Я вижу, что сейчас произойдет.

Я делаю шаг в их сторону.

Еще один.

Я иду прямо на них.

Мне кажется, они не препятствие для меня, что их не существует. Что все это придумано кем-то, чтобы мы боялись не за кого-то, а за себя. Мне кажется, что если их не замечать, я пройду, никого не задев.

Первый же удар взрывается в голове гранатой. Затем следует второй, третий. Ослепительные шары вспыхивают перед глазами. По моей голове молотит сотня рук, выжимая из нее весь свет.

Потом долгое время я ничего не вижу. Только темноту, в которой ничего нет. Это продолжается долго. Кажется, я вглядываюсь в нее целую вечность, в надежде хоть что-нибудь разглядеть.

Затем я прихожу в сознание. Я лежу в больничной палате, на моих глазах повязка. Мне нельзя вставать.

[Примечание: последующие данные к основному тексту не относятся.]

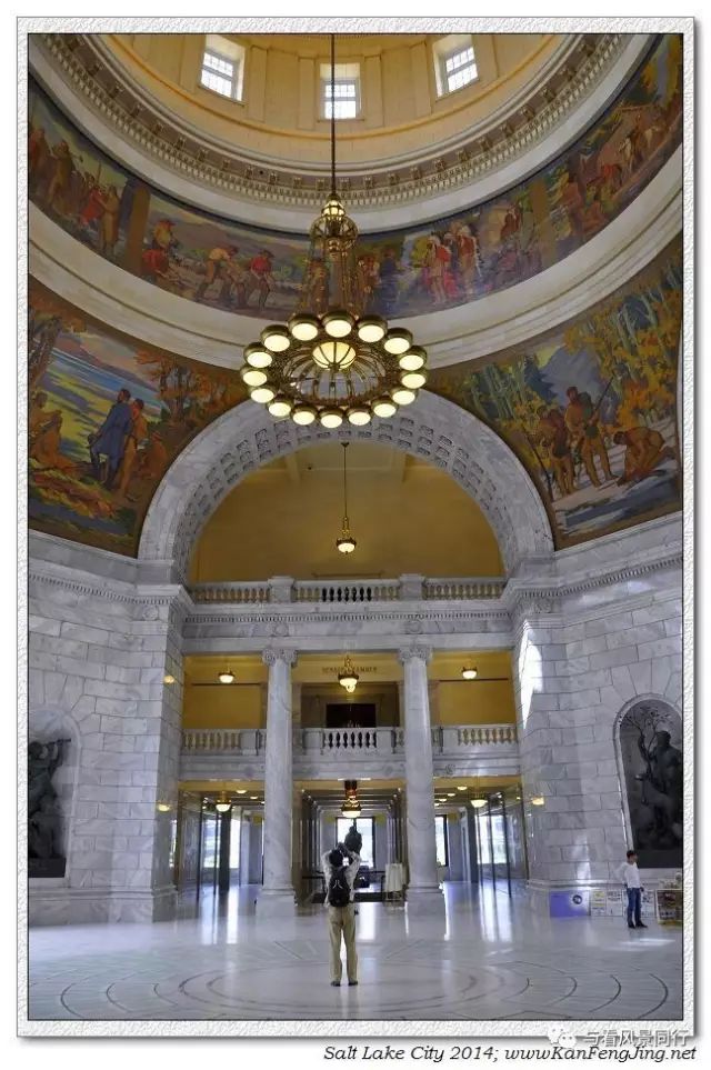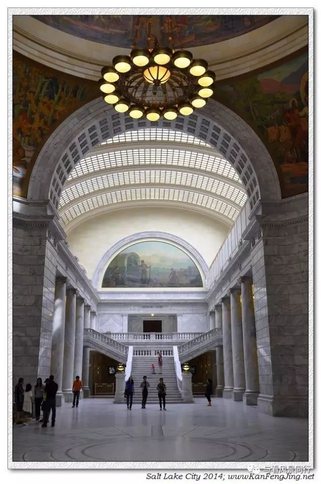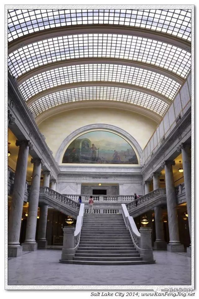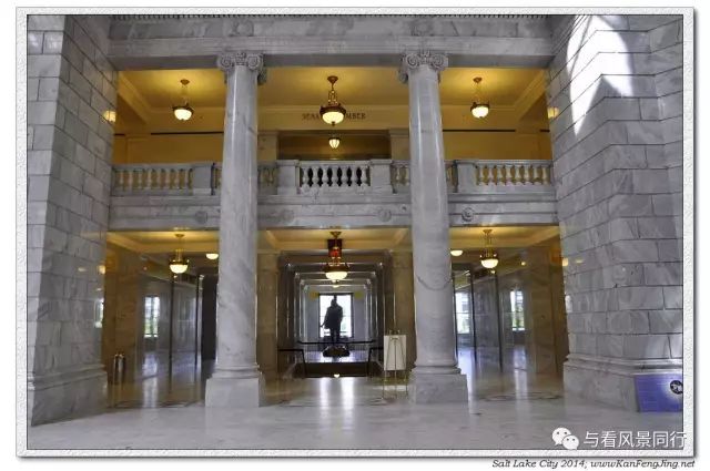 美国很多州的州府大厦都是华盛顿国会大厦的各色各样山寨版。而犹他州的州府大厦,算是山寨的外形最像的。不仅建筑外形像,地形也像,也是位于一座小山丘的顶端。厚重的石头墙里面,非常的厚重简朴,基本没有任何稍显奢侈的装饰。处处充满了简朴淳厚的设计风格。
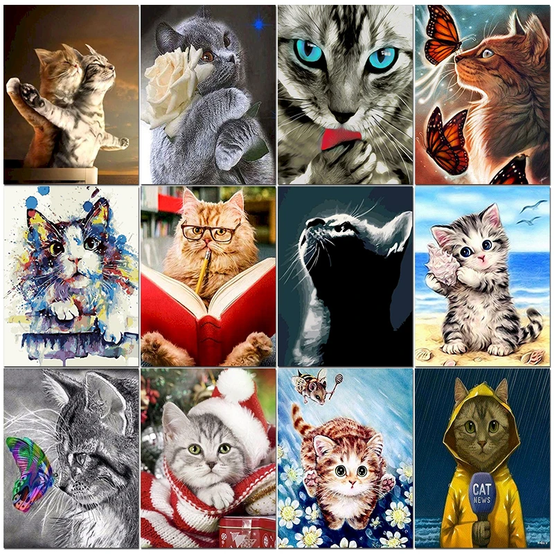 Картины по номерам, животные, кошка, подарок, Diy масляная краска по номерам, акриловая краска, абстрактная Современная Настенная картина, холст для детей и взрослых, комплект декора
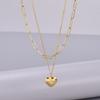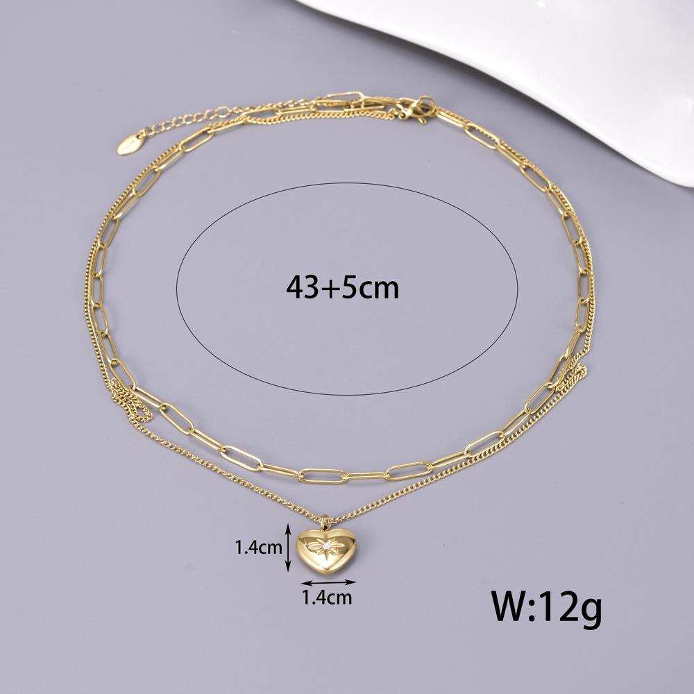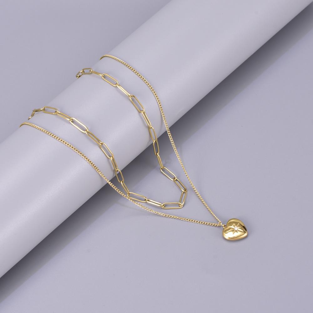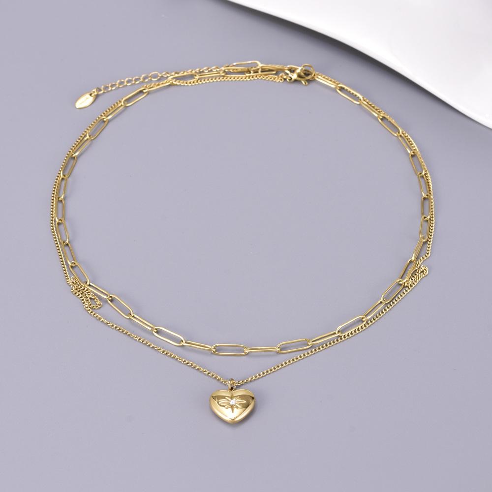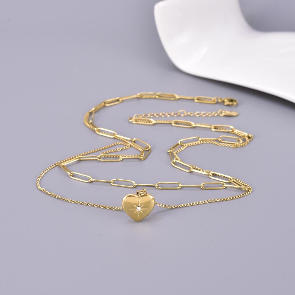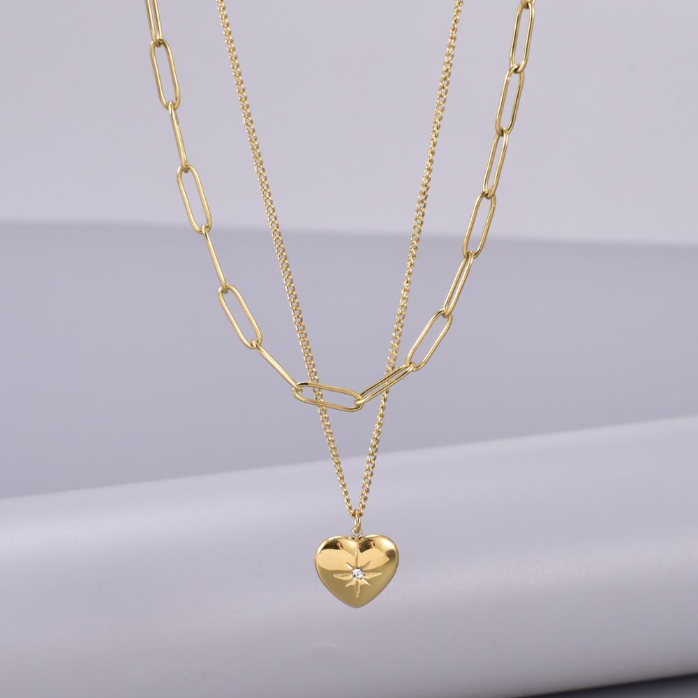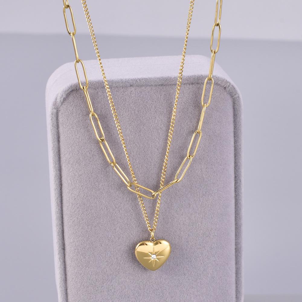 Collar con colgante de circonita con incrustaciones de estrella de hombre en forma de corazón doble L30, joyería europea y americana, chapado en acero de titanio y oro de 18 quilates.

За мной ухаживает моя мать.

Она, как маленького, кормит меня с ложки.

– Сейчас утро или вечер? – спрашиваю я.

– День, – отвечает мать.

Еще меня навещает отец – я слышу его голос.

– К тебе пришли, – на пятый день говорит мне мать.

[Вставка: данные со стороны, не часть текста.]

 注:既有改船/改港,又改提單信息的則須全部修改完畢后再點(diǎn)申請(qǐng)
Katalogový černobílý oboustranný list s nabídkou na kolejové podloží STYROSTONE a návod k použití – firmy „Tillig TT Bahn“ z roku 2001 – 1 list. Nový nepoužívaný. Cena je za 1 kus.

Кто-то садится у изголовья.

Молчит.

Потом что-то вкладывает в мою ладонь.

Твердое и круглое.

– Яблоко? – спрашиваю я, улыбаясь.

– Г-г-г-груша, – отзывается Иванов.

Мы тихо смеемся.

Мы смеемся, но я вижу, как он плачет.

Мне приснилось

Мне приснилось, что с недавних пор я живу в маленькой деревеньке, в семидесяти километрах от города. Моя тетка, в чьем доме я проживаю, говорит: «Семьдесят километров как семьдесят лет советской власти. Ни больше, ни меньше». Еще она говорит, что тут, в деревне, все так и осталось, как было раньше. Те же старые дома, те же собаки, речка. Дожди те же. Мокрые шиферные крыши, елки, бабка на углу, велосипед ржавый в канаве. Такой вот социализм.

Мне тут хорошо. Я знаком со всеми местными кабыздохами, они на меня уже не лают. То ли за своего признали, то ли надоело. Ходят понуро по дороге между заборами, забирая лапами, как матросы во время качки.

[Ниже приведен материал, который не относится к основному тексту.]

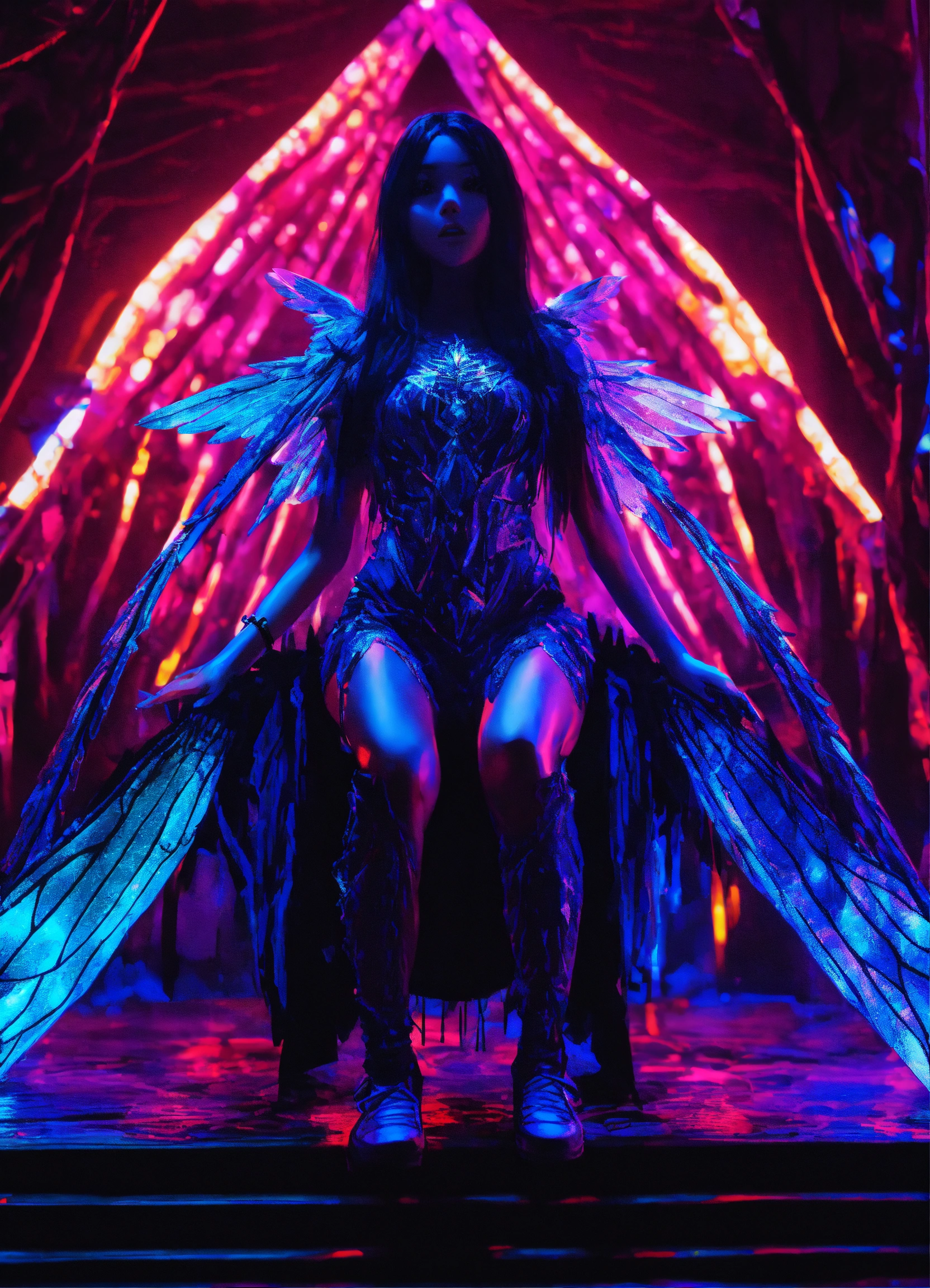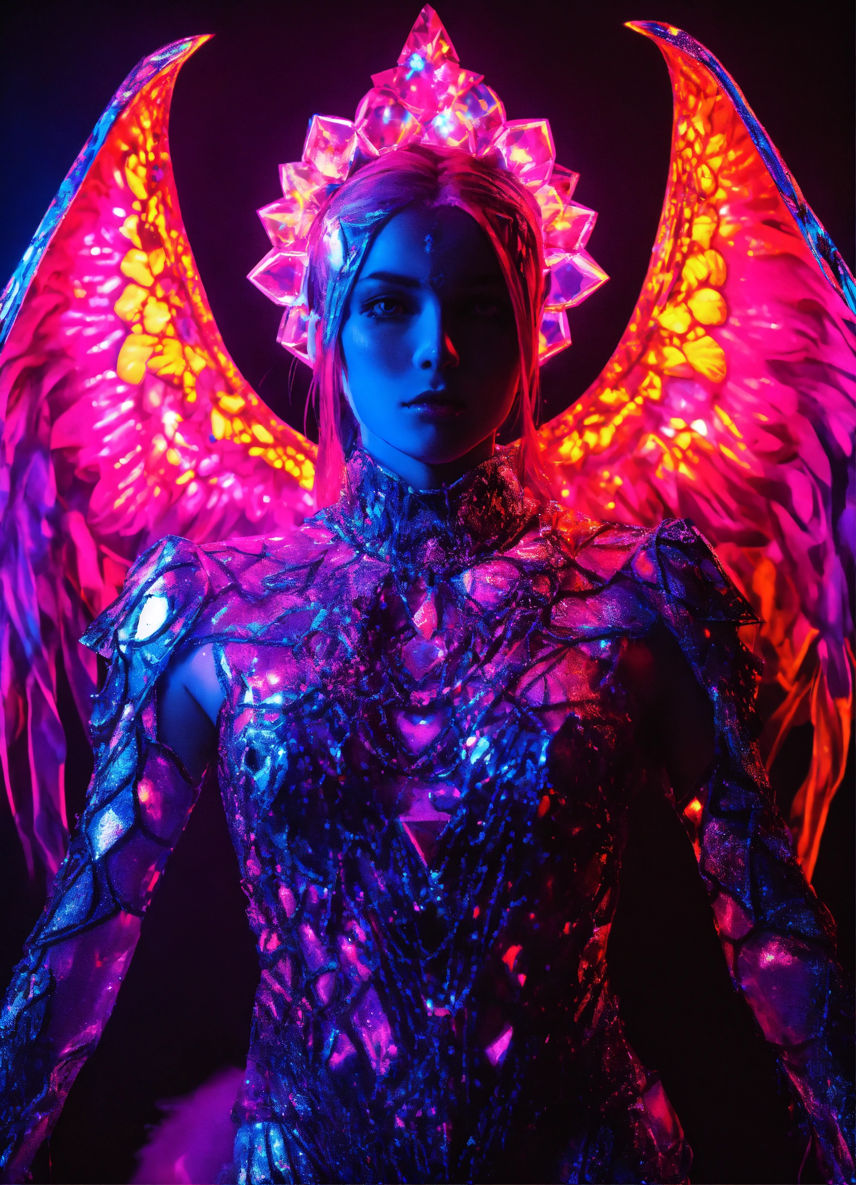 Full body the grudge in a diamond angel suit in a blacklight dmt demon psytrance rave

Время осеннее, небо плачет по чему-то ушедшему. Словно молодость чью-то оплакивает, красоту. Я иду к платформе.

У бетонных ступенек стоят два мужика. Россияне.

– Я ему такой: пошел на хер! – говорит один – в кепке с поломанным козырьком.

– А он? – спрашивает второй – без кепки.

– Он такой и пошел.

– Ага.

Такой вот разговор у них познавательный.

Вскоре показывается электричка. Она медленно подходит к платформе, тяжело налегая на рельсы, похожая на бронепоезд.

В вагоне свободных мест почти нет. Всем надо сегодня выбраться из социализма. Приспичило. Я пристраиваюсь рядом с огромным мужиком, с виду очень похожим на боксера Николая Валуева. Харя его разбита в кровь, будто он только что отстоял двенадцать раундов с Виталием Кличко. Отстоял, и вот теперь сидит, вытянув ноги, и смотрит на свои носки. Обуви на нем почему-то нет.

– Реванш, реванш, нужен реванш, – бормочет мужик в трансе, обращаясь исключительно к носкам, как если бы они были его промоутерами. Пара таких дельцов на его огромных ногах. Молчат и слушают хмуро.

«Может, это и правда Валуев?» – размышляю я, искоса глядя на бугристую башку соседа. За ней в окне, как гармошка, тянется равнина.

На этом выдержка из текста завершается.